=== Section Start ===

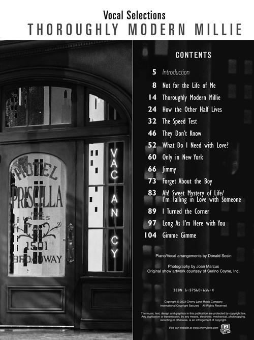 Composer: Jeanine TesoriThoroughly Modern MillieVocal SelectionsPublisher: Cherry Lane MusicCategory: Keyboard & Piano/Vocal/GuitarSeries: Vocal SelectionsFormat: PaperbackThe winner of six 2002 Tony Awards, including Best Musical, Best Orchestrations and Best Actress (Sutton Foster), Thoroughly Modern Millie takes us...Regular price $31.99 -
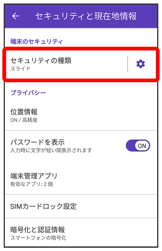 - 変更前のスタート画面のセキュリティがまたは以外のときは、セキュリティを解除してください。
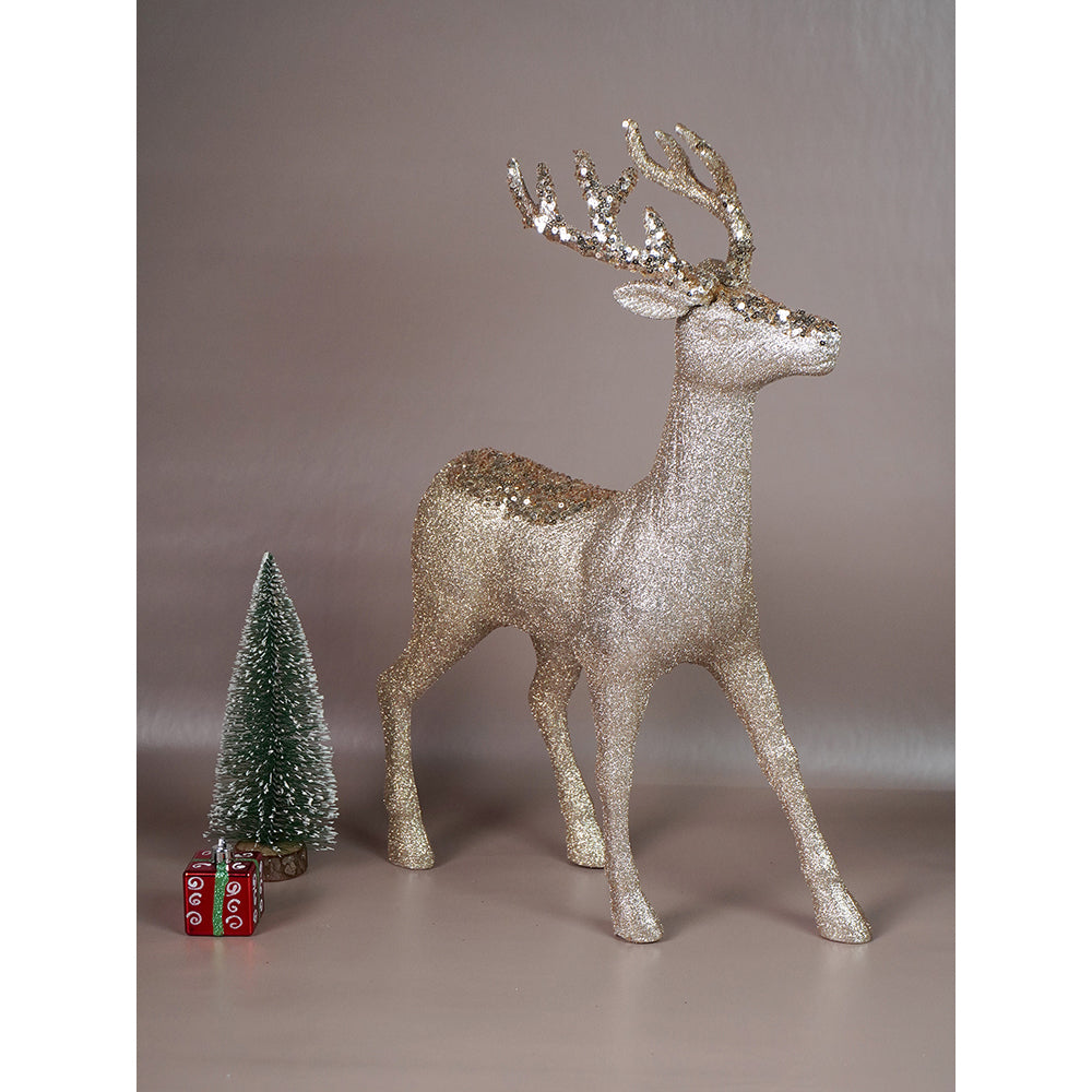 1. Exclusive Premium Design: Bring a touch of festive elegance and sparkle into your home with this champagne Gold Glitter bronze sequenced christmas Reindeer Figurine. Crafted with exquisite detailing and shimmering gold texture, this timeless décor piece captures the magic of Christmas — adding luxury and charm to any corner of your home.

=== Section End ===

Every line of the listing should be copied precisely, with images omitted.

 Composer: Jeanine TesoriThoroughly Modern MillieVocal SelectionsPublisher: Cherry Lane MusicCategory: Keyboard & Piano/Vocal/GuitarSeries: Vocal SelectionsFormat: PaperbackThe winner of six 2002 Tony Awards, including Best Musical, Best Orchestrations and Best Actress (Sutton Foster), Thoroughly Modern Millie takes us...Regular price $31.99 -
 - 変更前のスタート画面のセキュリティがまたは以外のときは、セキュリティを解除してください。
 1. Exclusive Premium Design: Bring a touch of festive elegance and sparkle into your home with this champagne Gold Glitter bronze sequenced christmas Reindeer Figurine. Crafted with exquisite detailing and shimmering gold texture, this timeless décor piece captures the magic of Christmas — adding luxury and charm to any corner of your home.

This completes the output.